1. A method of establishing a chicken methylation clock, the method comprising: (a) determining a methylation ratio and a read coverage of genomic CpG sites of an age-correlated training sample of a specific chicken tissue; (b) defining a set of CpG sites having reliable methylation ratios in all training samples of the determining (a) using a cutoff value; and (c) performing a penalized regression using the methylation ratios of the defining (b) as input and the age correlated to the training sample as dependent variable, by applying a penalized regression model; thereby obtaining a set of CpG sites with corresponding weighting factors and intercept of a linear model equation as parameters defining the chicken methylation clock.

2. The method according to claim 1, wherein the methylation ratio and the read coverage of the genomic CpG sites are determined in the determining (a) using bisulfite sequencing.

3. The method according to claim 1, wherein the age-correlated training sample of the specific chicken tissue used in the determining (a) is selected from the group consisting of gut tissue, muscle tissue, organ tissue and skin tissue.

4. The method according to claim 1 , wherein the coverage cutoff value defined in the defining (b) is 3.

5. The method according to claim 1, the method further comprising: (d) optimizing a fit of the regression model such that the number of CpG sites is reduced to below 100.

6. The method according to claim 5, wherein for optimizing the fit of the regression model in the optimizing (d), applying ridge regression in combination with lasso regression.

7. The method according to claim 6, wherein the methods of ridge regression and lasso regression are balanced using an alpha value of between 0 and 1.

8. An in vitro method for predicting the chronological age of a chicken, the method comprising: a) obtaining genomic chicken DNA from biological sample material deriving from a chicken subject or from a chicken population to be tested; b) determining a methylation level for the CpG sites indicated in Table 2 or, alternatively, for the CpG sites indicated in Table 3, in the genomic chicken DNA; c) comparing the methylation levels of the CpG sites in the genomic chicken DNA from the sample material to be tested with the methylation levels of the same CpG sites from an age-correlated reference sample material, and deducing therefrom the chronological age of the subject or the population to be tested.

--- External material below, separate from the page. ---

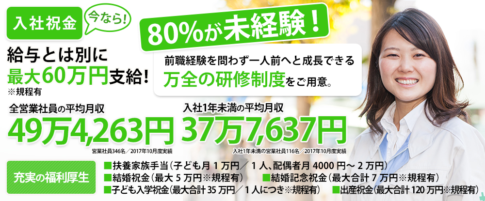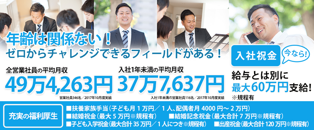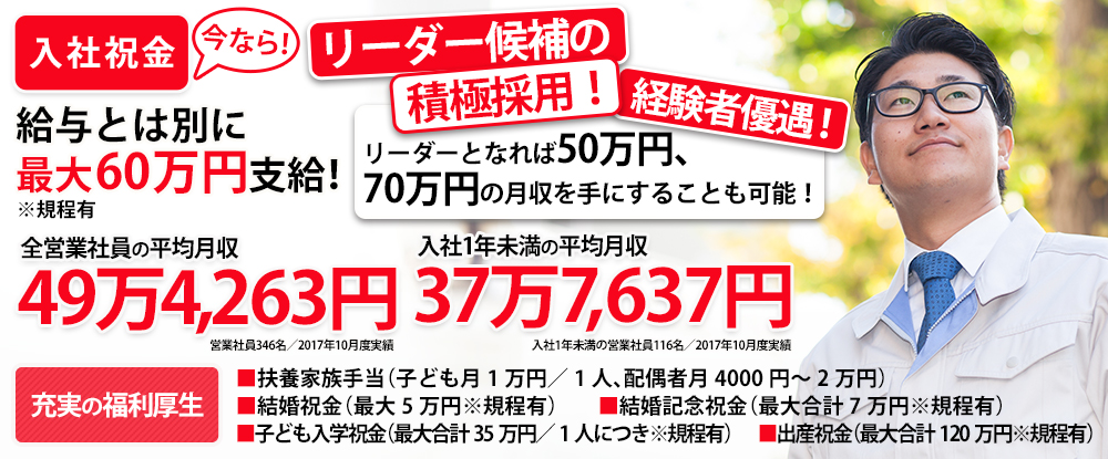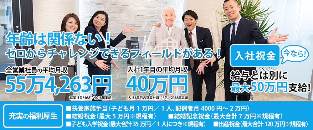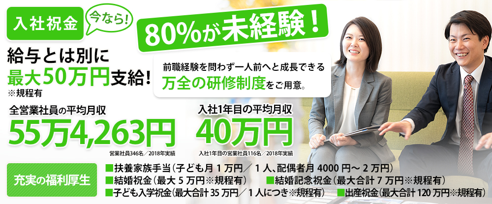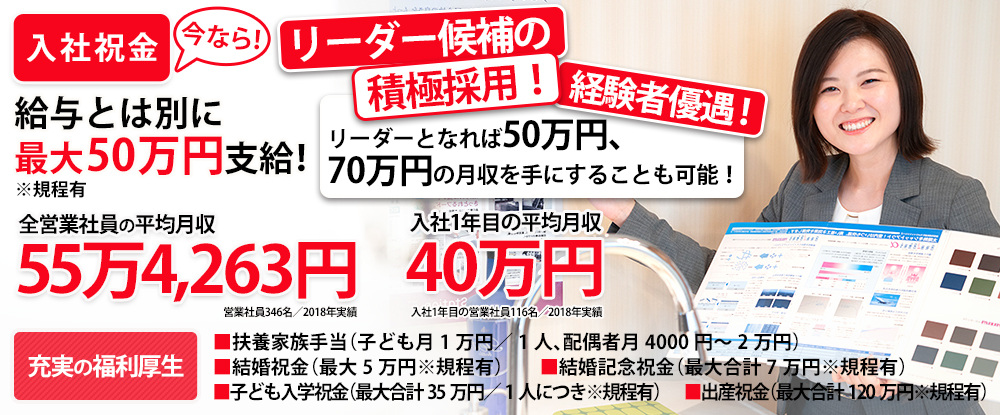住宅商品の提案営業◆未経験歓迎/高収入/社宅・寮 無料/幅広い年代で活躍中/基本定時帰社/直帰OK◆
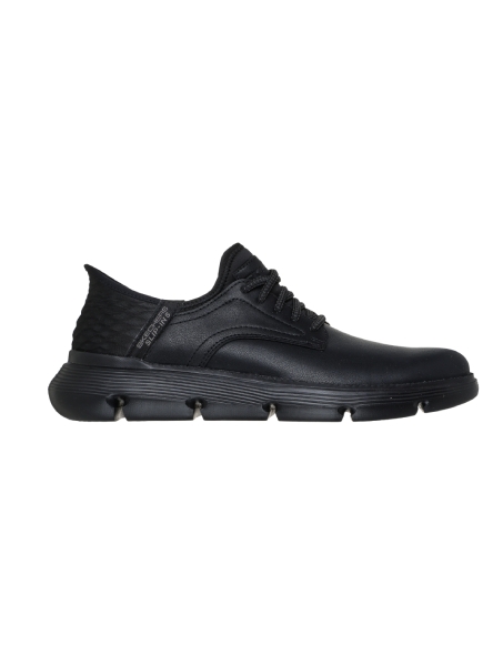 Master your efficiency with a comfortable business casual look wearing Skechers Hands Free Slip-ins®: Garza - Gervin. This TOUCHLESS FIT® Oxford style features a smooth leather upper with stretch laces, a Skechers Slip-ins® molded heel panel, a charcoal-infused Skechers Air-Cooled Memory Foam® insole, and a Skechers Goga Mat Arch™ for added support.

9. A method for predicting the chronological age of a chicken tissue sample material, the method comprising: (a) obtaining genomic DNA from the tissue sample material deriving from a chicken subject or from a chicken population to be tested, (b) determining the methylation ratios for the CpG sites indicated in Table 2 or, alternatively, for the CpG sites indicated in Table 3, and multiplying same with their respective weighing factors to obtain weighted methylation ratios of those CpG sites, (c) computing a sum over the weighted methylation ratios obtained in the determining (b) and adding a respective intercept of a linear model equation, thus predicting the chronological age for the chicken tissue sample.

10. The method according to claim 9, wherein the tissue sample material deriving from the chicken subject or from the chicken population to be tested in the obtaining (a) is selected from the group consisting of gut tissue, muscle tissue, organ tissue and skin tissue.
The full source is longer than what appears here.